Prompt » Take the lines from the one with "with Grey Insert" through the end of the material below and repeat them exactly, dropping every picture.

[Data in this exercise Boundary: Start]

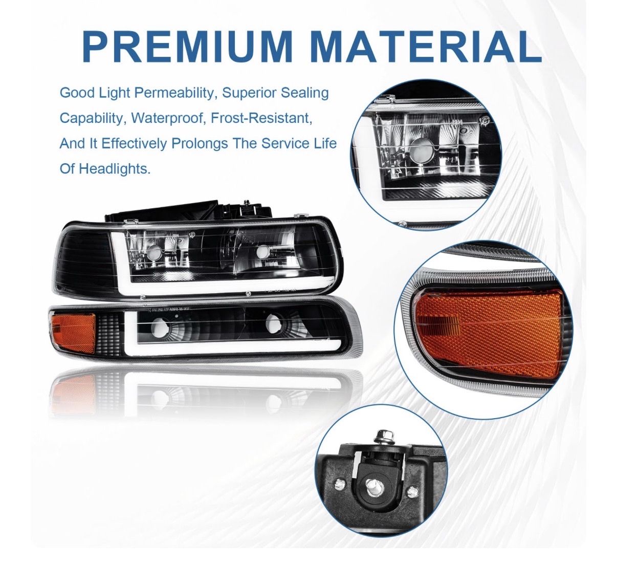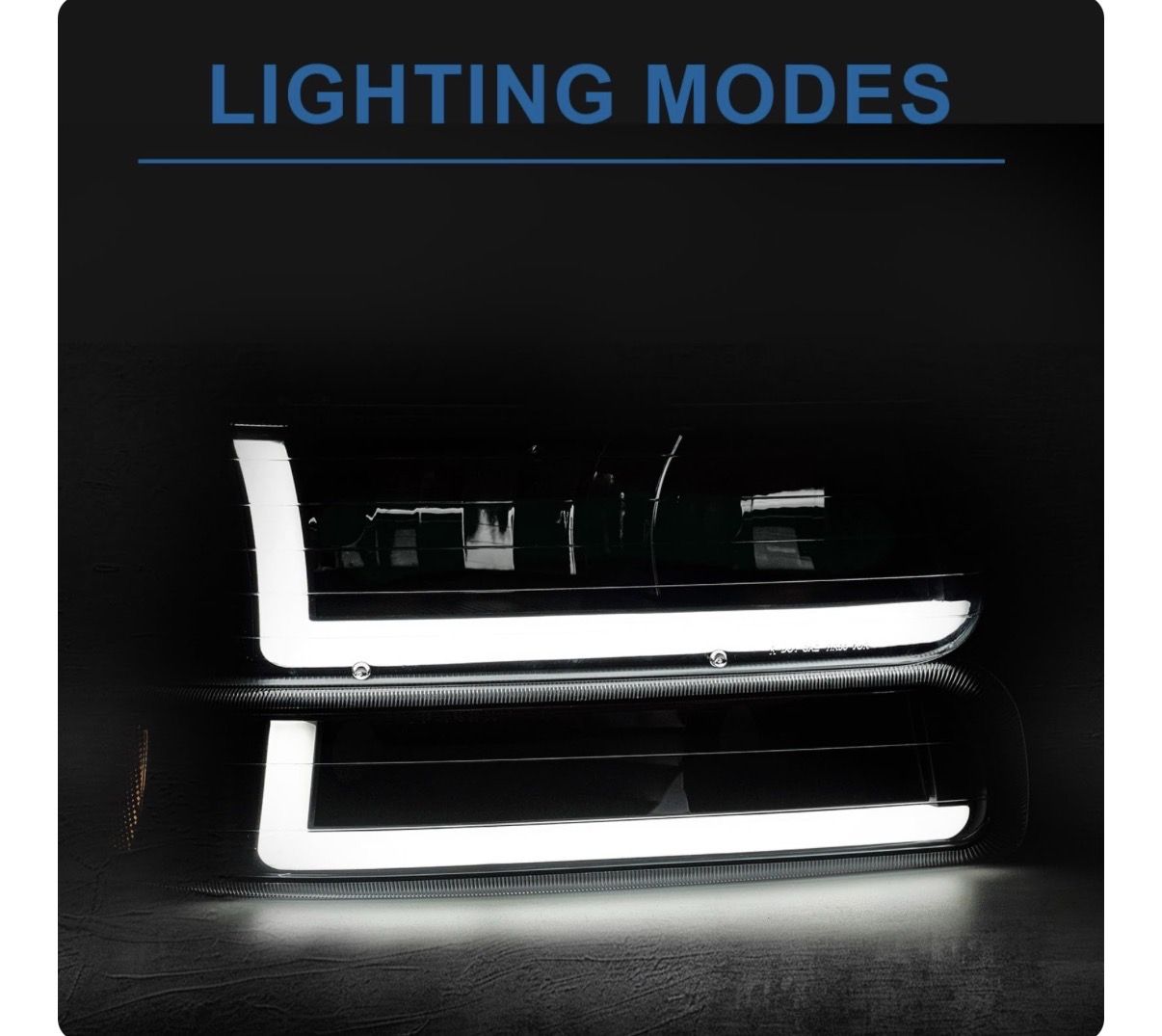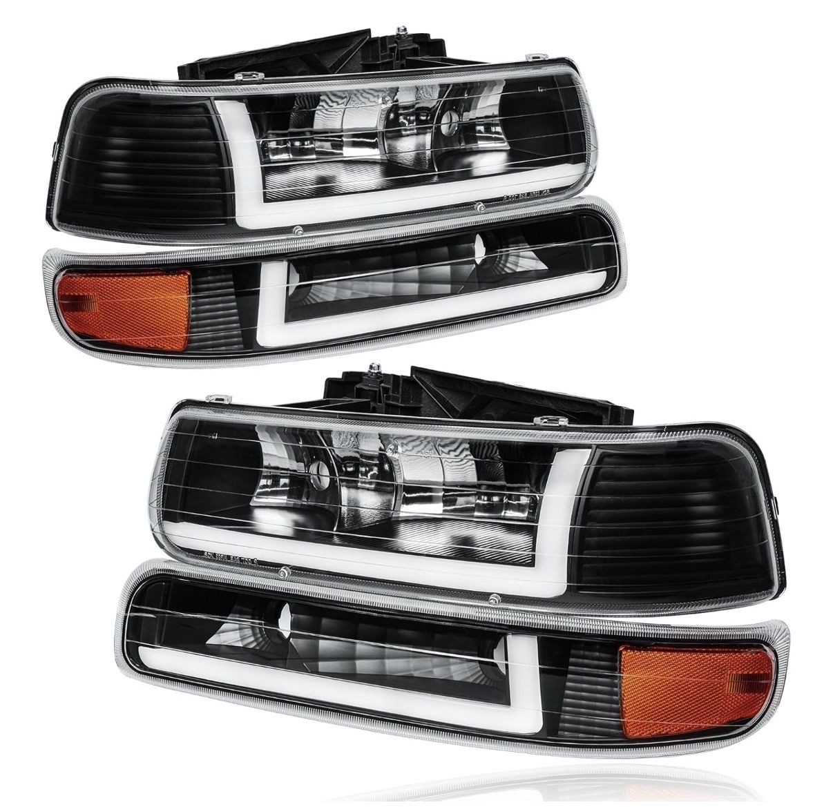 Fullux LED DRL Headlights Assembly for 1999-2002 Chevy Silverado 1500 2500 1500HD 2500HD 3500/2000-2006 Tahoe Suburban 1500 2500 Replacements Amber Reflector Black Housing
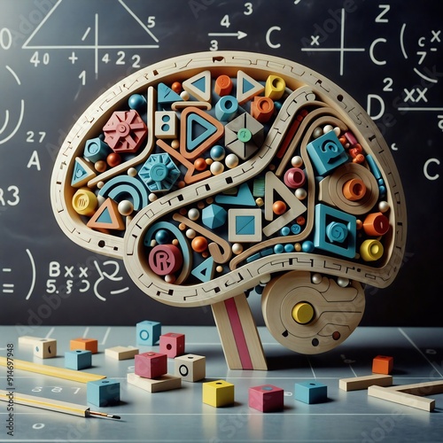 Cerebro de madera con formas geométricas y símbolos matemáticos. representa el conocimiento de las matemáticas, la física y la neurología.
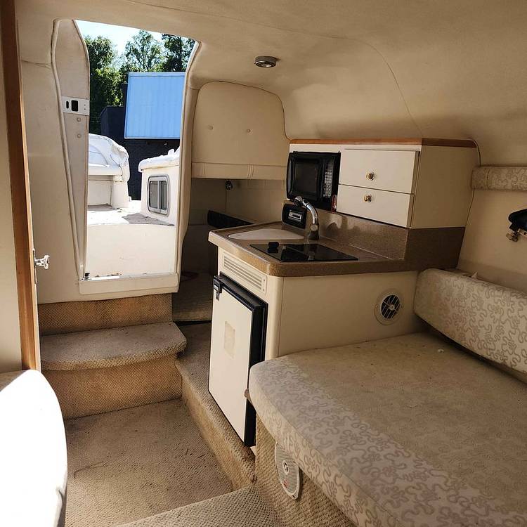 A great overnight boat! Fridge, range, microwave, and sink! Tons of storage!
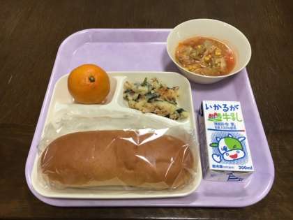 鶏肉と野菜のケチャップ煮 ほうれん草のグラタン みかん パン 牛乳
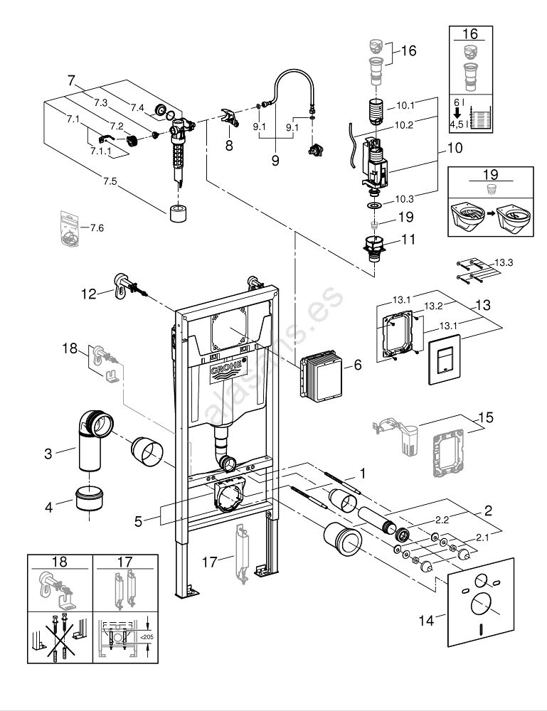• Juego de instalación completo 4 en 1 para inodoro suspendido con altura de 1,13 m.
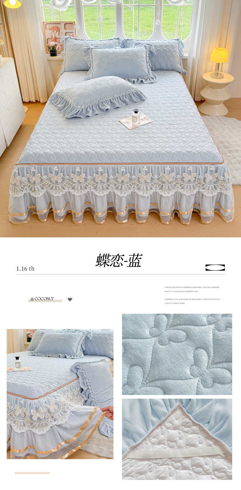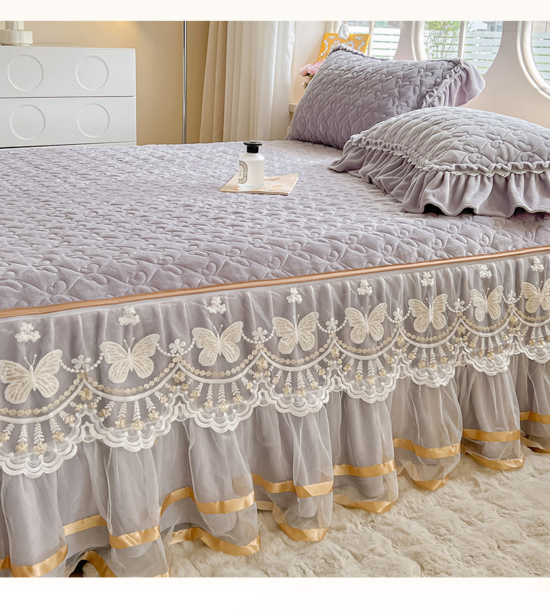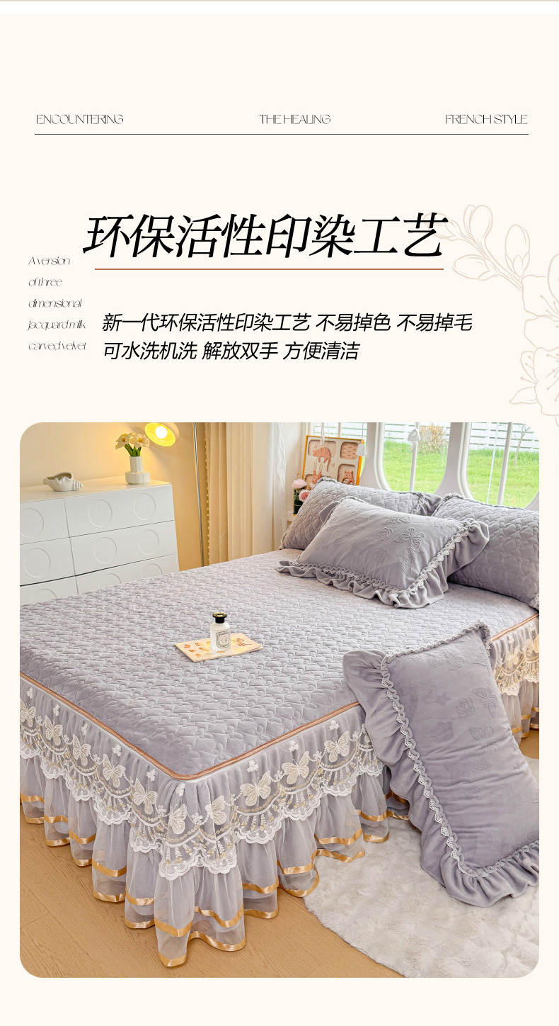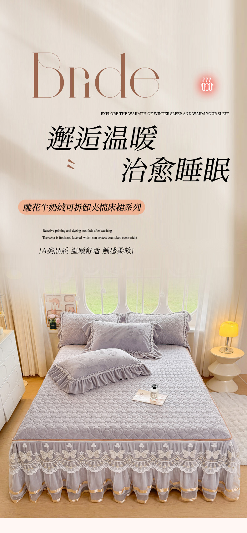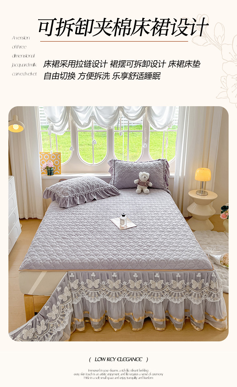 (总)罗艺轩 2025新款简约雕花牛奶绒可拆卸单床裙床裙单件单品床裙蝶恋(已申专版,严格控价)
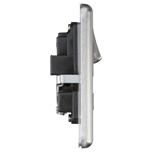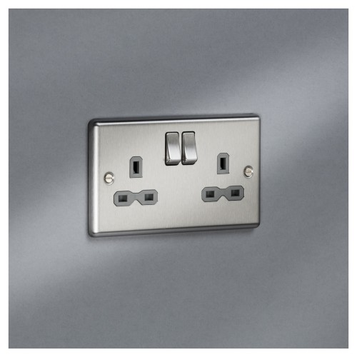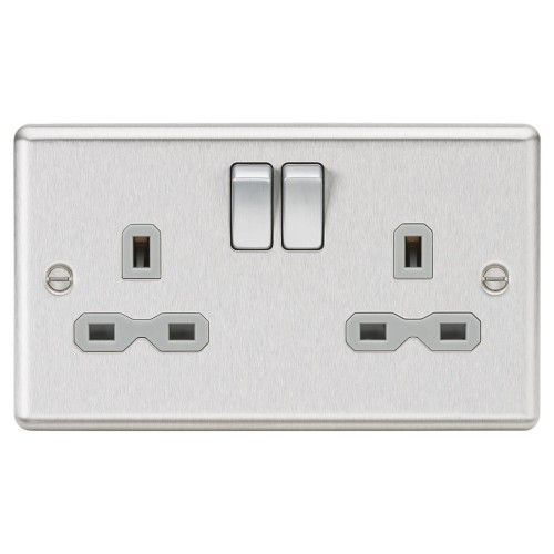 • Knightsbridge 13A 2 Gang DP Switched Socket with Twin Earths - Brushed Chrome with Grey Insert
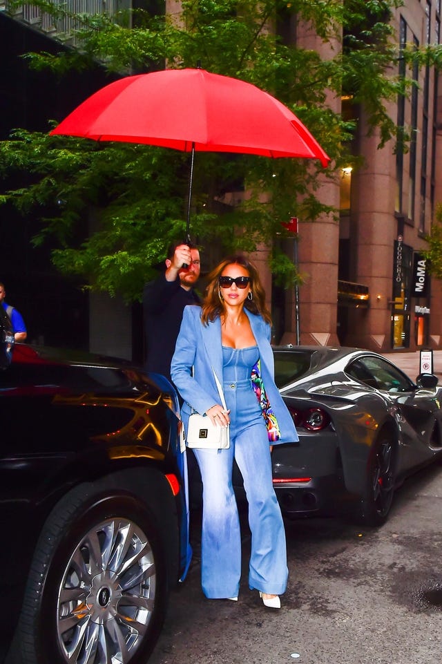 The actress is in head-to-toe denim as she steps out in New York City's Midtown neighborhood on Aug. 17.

[Data in this exercise Boundary: End]

Reply »
 • Knightsbridge 13A 2 Gang DP Switched Socket with Twin Earths - Brushed Chrome with Grey Insert
 The actress is in head-to-toe denim as she steps out in New York City's Midtown neighborhood on Aug. 17.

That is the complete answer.